Anyway, I'm very, very hungry right now, and must eat immediately. More later, I hope.

Sunday, October 5, 2008

It's been so long since I've written anything honest anywhere, much less here on this ... what shall I call this space? It seems to be more important -- to me, my friends, only to me -- than a "blog," yet not vulnerable or risky enough to be a journal. Ah, but it is self-indulgent, nonetheless!

But I digress.

The point is, time has passed. And I have managed to be uncourageous, for the most part.

Recently, I've been getting mixed signals from a man who is fairly new to my life. He's actually not someone that I would normally bother myself with, as he is existing in a world of which I know very little, and for which I have no real affinity. It's a very movers-n-shakers kind of place, altho' he personally came out of the proverbial rat race some time ago. Still, he lives in a world of gourmet this and designer that.

It makes me uncomfortable.

And then there are the moments such as yesterday, where he comes up behind me, slides his arms around my waist, leans into my back, and nuzzles the hollow where my clavicle meets my throat.

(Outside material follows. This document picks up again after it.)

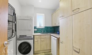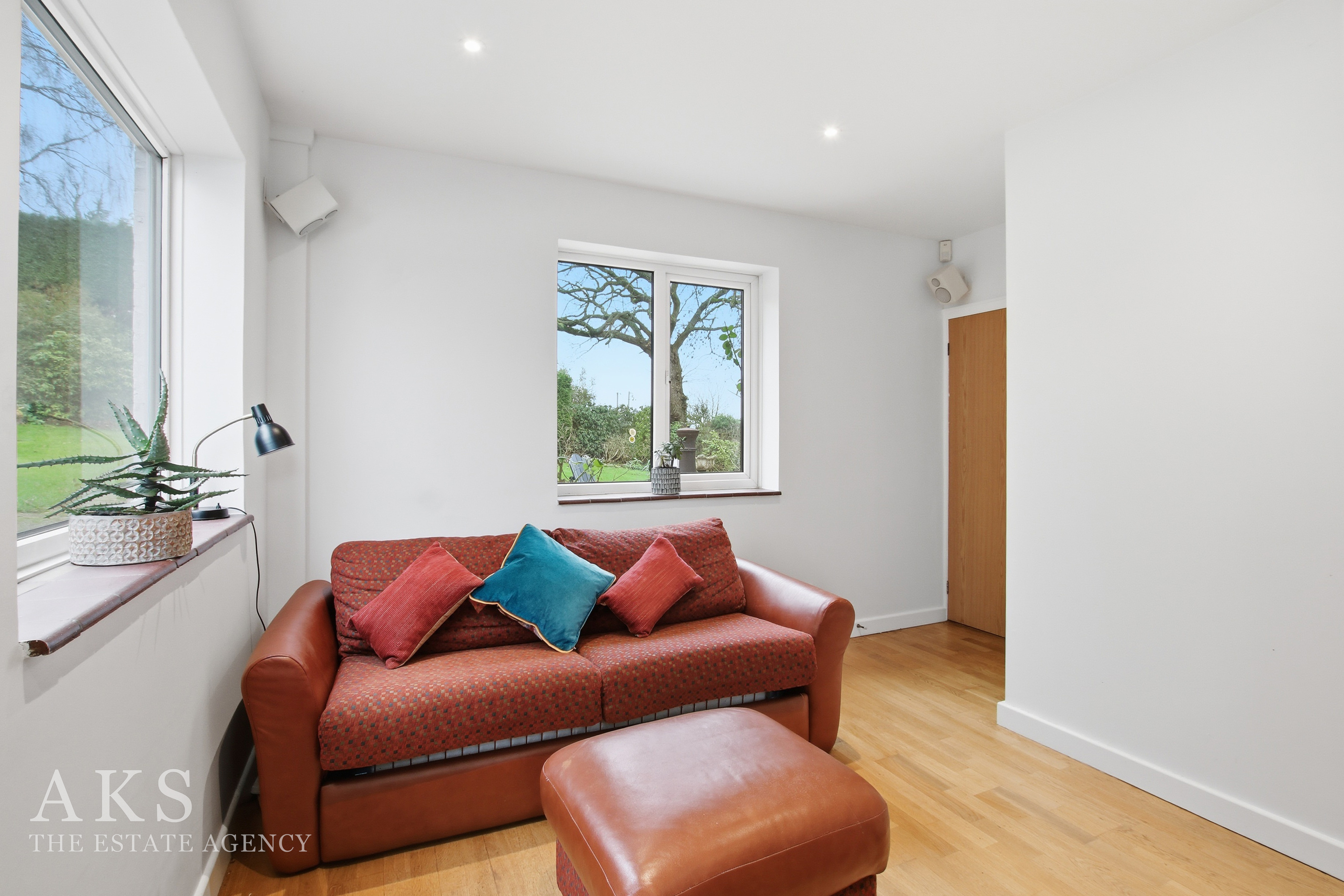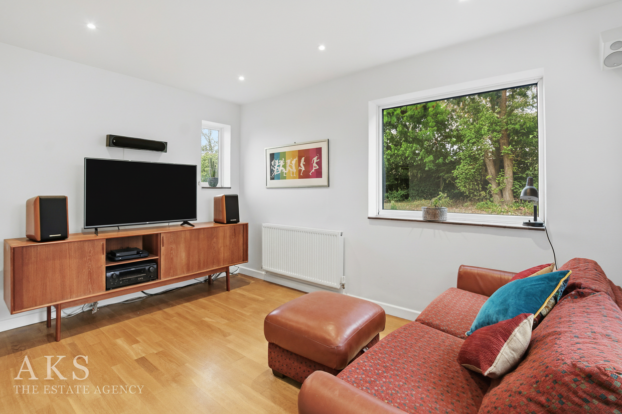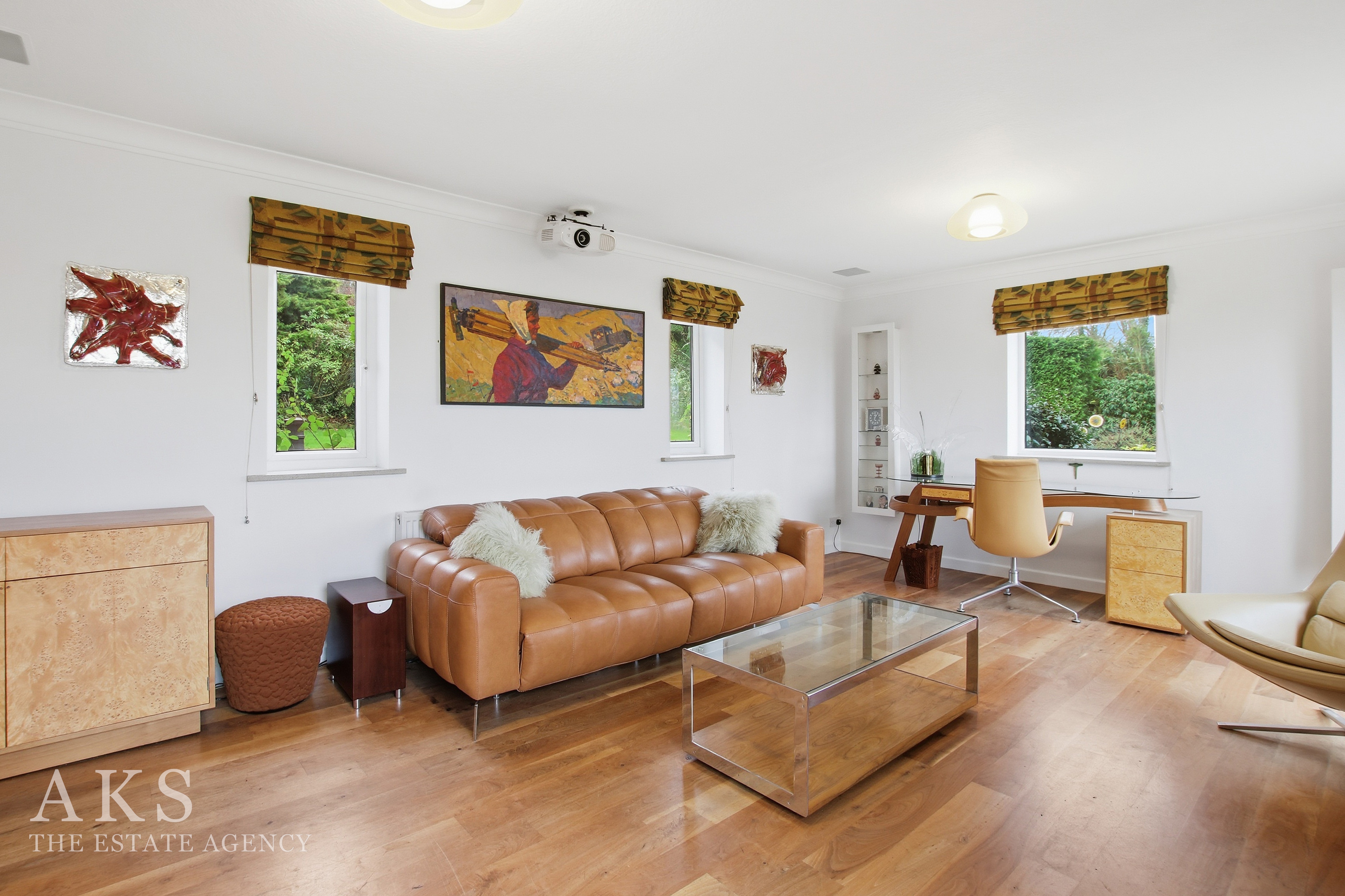 The living room is another standout room for me, with floor‑to‑ceiling windows overlooking the garden, a striking feature fireplace, and even a projector for a true cinematic experience. A further reception room sits quietly at the back of the home, offering a secluded, intimate space, ideal for unwinding or finding a moment of calm. A useful utility space finishes off this area perfectly.

Feeling him there, wrapped into me so perfectly, I find myself melding to the shape he is holding. And then he speaks clearly, intimately into my left ear: "You knew it was me. You just let it happen. You knew it was me. I love you for that."

And in that moment, I cannot say anything at all, because either it is all a lie, and I will disappoint this man who is experiencing a perfect moment, or it is all true, and I cannot fathom how something so easy and natural could be real.

I am at a loss.

Sunday, March 9, 2008

I'm trying something new. One of these days I'll figure out what I wanna be when I grow up. One of these days I'll figure out that I'm grown up.